By Babak Hodjat, Co-founder and Chief Scientist
Google’s AlphaGo just defeated the world champion Go player Lee Sedol 3-0 in what can only be described as a landslide victory. Was it to be expected? Has AI really come this far and do displays of machine intelligence like these really have an impact on solving real world problems? Let’s review case-by-case.
In 1997, Garry Kasparov, the reigning world champion chess player, was beaten by IBM’s Deep Blue, heralding what people thought of as a momentous time in the history of AI. The Deep Blue chess computer that defeated Kasparov in 1997 could search to a depth of twenty or even more moves in some situations. Aided by its massively parallel, 30-node RISC-based UNIX servers, Big Blue had encoded 4,000 positions and 700,000 grandmaster games and could evaluate 200 million positions per second. According to IBM, the goal behind Deep Blue was to show intelligence that could solve the “kinds of complex calculations needed to help discover new medical drugs; do the broad financial modeling needed to identify trends and do risk analysis; handle large database searches; and perform massive calculations needed in many fields of science.”
This was a significant win, not just because the computer had overpowered a human in what used to be our exclusive domain of prowess, namely intelligence, but because it underscored the power of game-playing strategies and human-engineered heuristics running at scale using what was, at the time, state-of-the-art supercomputing hardware.
The Big Blue machine was later dismantled by IBM but reincarnated as Watson in 2011 when it went on to beat champion Jeopardy winners in a nail-biting two day event. The machine was so big it had to be kept backstage, so the audience could not hear the noise of the fans required to keep the 2,880 Power7 cores cool. This achievement showed AI had moved on to master natural language and showcased the sheer speed and accuracy of knowledge retrieval by regularly beating its rival contestants to the buzzer.
It was successful in part thanks to its vast compute capacity and its ability to try hundreds of different algorithms, each trying different approaches to understanding the clue. IBM has since started to productize its IBM Watson platform with some degree of success.
Then we turn to Google’s AlphaGo win. It is a remarkable achievement by Demis Hassabis and his team at DeepMind. The number of possible games that can be played with Go is of a magnitude far larger than that of chess → 10 to the power of 47 compared to 10 to the power of 170 for Go → making the win much more impressive than the one against Kasparov. Given the complexity of the Go problem, merely using scaled strategies to exhaustively search the tree of possible moves and outcomes, the approach taken by Deep Blue in its games, is not possible, despite all the recent advances in hardware and supercomputing.
Enter Machine Learning.
This milestone in AI marks a coming of age for Machine Learning, demonstrating how this technology, at scale, can learn to defeat the best biological learners amongst us.

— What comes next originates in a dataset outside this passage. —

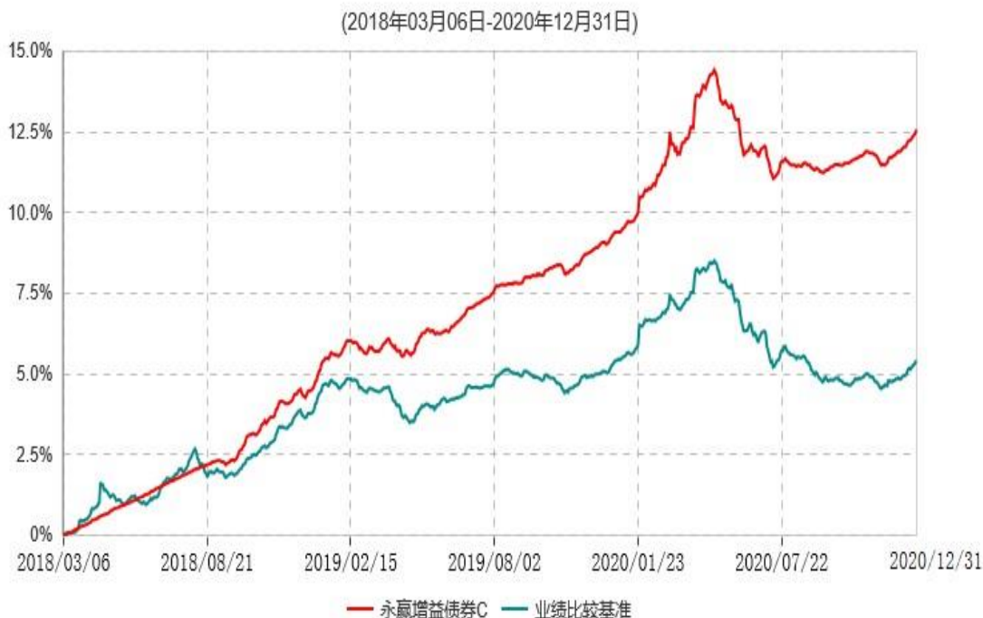
永赢增益债券C累计净值增长率与业绩比较基准收益率历史走势对比图

注：本基金建仓期为本基金合同生效日起 6 个月，建仓期结束当日，除债券投资比例未达到合同约定外，其他各项资产配置符合合同约定。债券投资比例未达到合同约定系交易对手原因导致现券买入交易结算失败所致，本基金于 2018 年 9 月 6 日及时买入债券将债券投资比例提高至合同约定的范围内。

DeepMind trained its machine on a sample of 30 million Go positions culled from online servers where amateurs and professionals gather to play. The crunching of this data is typically done on data centers of connected computers, powered by thousands of CPUs, each augmented by thousands of smaller, specialized GPUs. The resulting models, driven by patterns and strategies of play identified and constructed by the algorithm off of these samples, can easily be run on a single machine.
While this achievement is immensely significant, there are limitations. The current state of the art in Machine Learning driving AlphaGo requires considerable manual engineering by humans in order to configure the learner for best results on the task at hand, in this case, playing Go.
The resulting system, while quite impressive, is very specialized. The models, for instance, from playing Go, cannot generalize to playing another board game, say chess, unless the system is reset, reconfigured, and re-trained specifically on chess moves. Something that takes time and domain expertise.
Finally, and perhaps most significantly, the learning power of AlphaGo is bound by a single data center with high bandwidth interconnections in amongst its computers. The monolithic nature of the neural networks being trained means that the integrity of the solutions need to be maintained throughout training. In other words, if one of the machines in the data center finds a beneficial tweak to the model, all other machines need to become aware of the modified model immediately. There are physical limitations to how large we can build such data centers.
The good news is that Distributed AI aims to tackle these very limitations, and important strides are being made to solve them. At Sentient, for example, we have already broken the barrier of being restricted to a single highly interconnected data center, scaling our algorithms to millions of CPUs in a robust manner, geographically dispersed and sporadically available. This scale will allow us to all but eliminate the need for manual configuration of learners, allowing the system itself to find the best configurations. These breakthroughs drive the successes in our trading and visual intelligence products.
Machine Learning is already being used in many real-world applications, solving complex problems no longer within reach of humans. I don’t know what the next grand challenge will be, but I am certain it can only be overcome by massively scaled distributed AI.